6.3. Para #15 the Witness states “The Defendant’s contravention of the Car Park’s Terms and Conditions was captured by the CPW who took photographs of the Vehicle. The images capturing the Defendant’s breach of the Terms and Conditions are now shown in pages 16-20”. This is denied. The images do not show the Defendant at all, so they certainly do not show the Defendant contravening the Terms and Conditions. As evidenced in the Defendant’s Witness Statement, the Defendant was not the only driver of the vehicle, in the absence of evidence, it cannot be assumed that the Defendant was the driver and contravened the Terms and Conditions.
6.4. Para #17 the Witness states “The Defendant’s stay at the Car Park exceeded the 10 minutes grace period”. Again, I would reiterate the above point, there is no evidence the Defendant entered the Car Park at all or indeed exceeded the grace period.

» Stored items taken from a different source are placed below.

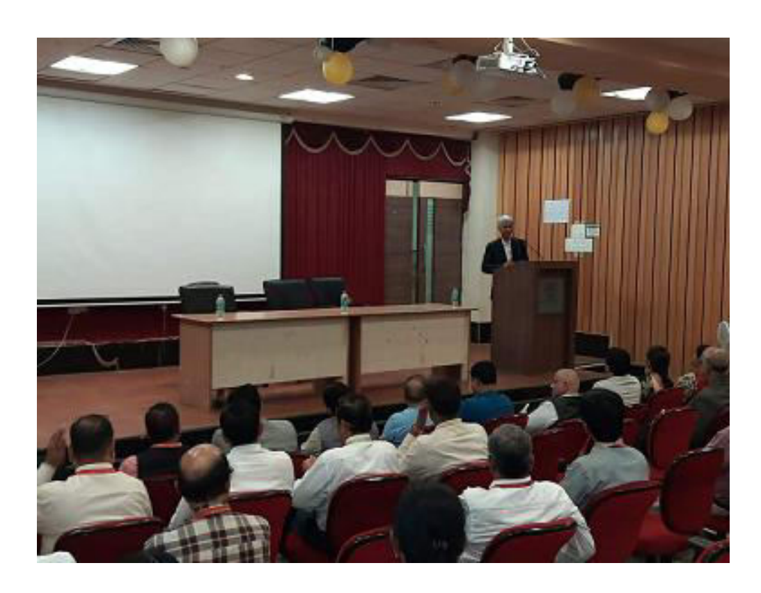
Expert interacting with the faculty members and students
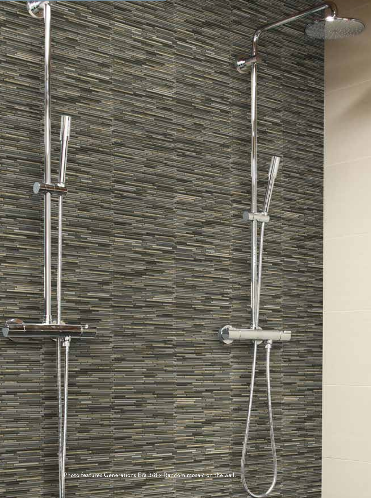
Photo features Generations Era 3/8 x Random mosaic on the wall.
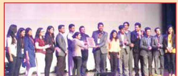
XIMEans receiving overall championship at USHUS 2016

XIME won for the 4 th time in Christ University Management Fest
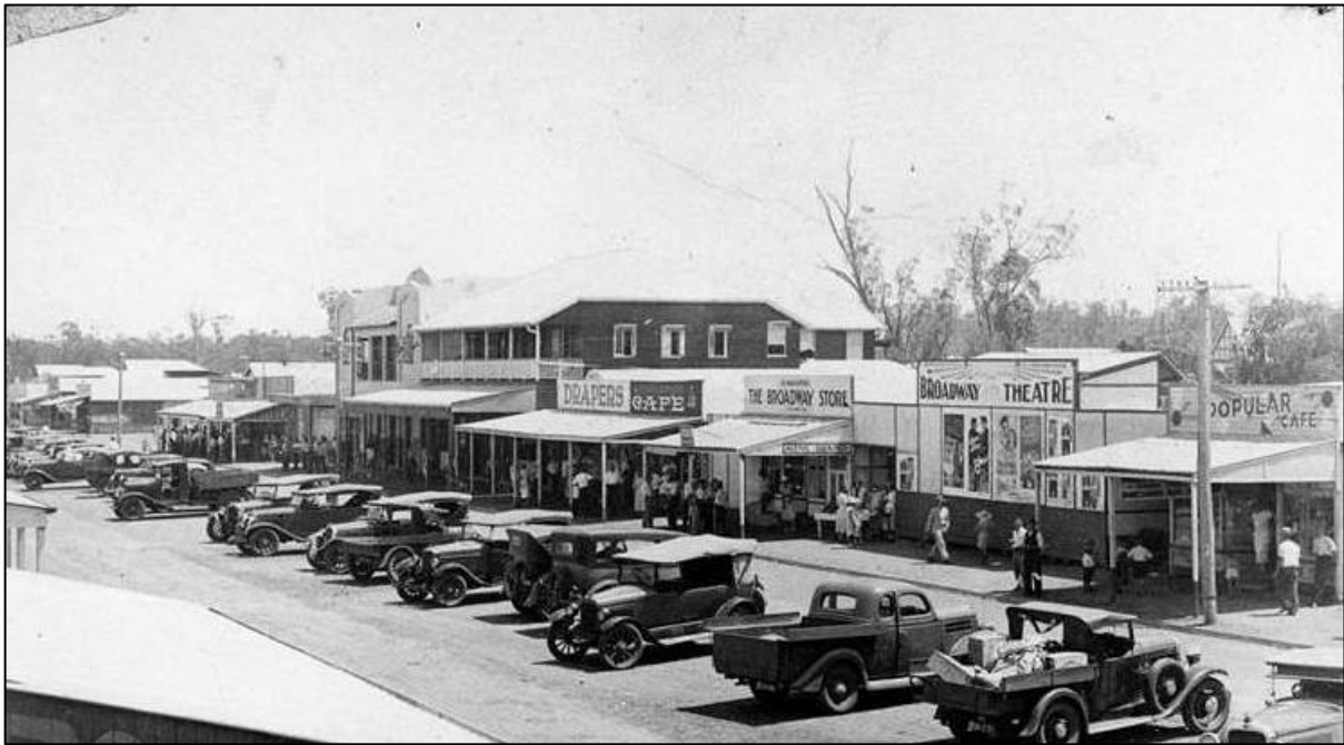
Callide Street, ca 1936

Biloela is in the Banana Shire. The shire was named after the first township in the region (Banana), which in turn was named for the burial site of a huge dun coloured bullock named 'Banana'. - Now you know!

6.5. On the balance of probabilities it cannot be assumed that the Defendant was the Driver. This is brought to the attention of the Court in the Defendant’s Witness Statement #18.1, in particular the comments by Henry Michael Greenslade.
Keeper Liability
7. The Claimant chooses not to rely on POFA 2012 and therefore cannot hold a keeper liable, nor is there any presumption in law that allows them to recover a charge from the Defendant.
8. The Court is referred to para #30 of the Claimant’s Witness Statement which makes it clear they rely on Elliot v Loake 1983 Crim. L.R. 36, which they claim set a precedent. This is not true, the cases are, in fact, completely different as stated in the Defendant’s Witness Statement paras #18.3-18.3.2. do I need to say anymore here?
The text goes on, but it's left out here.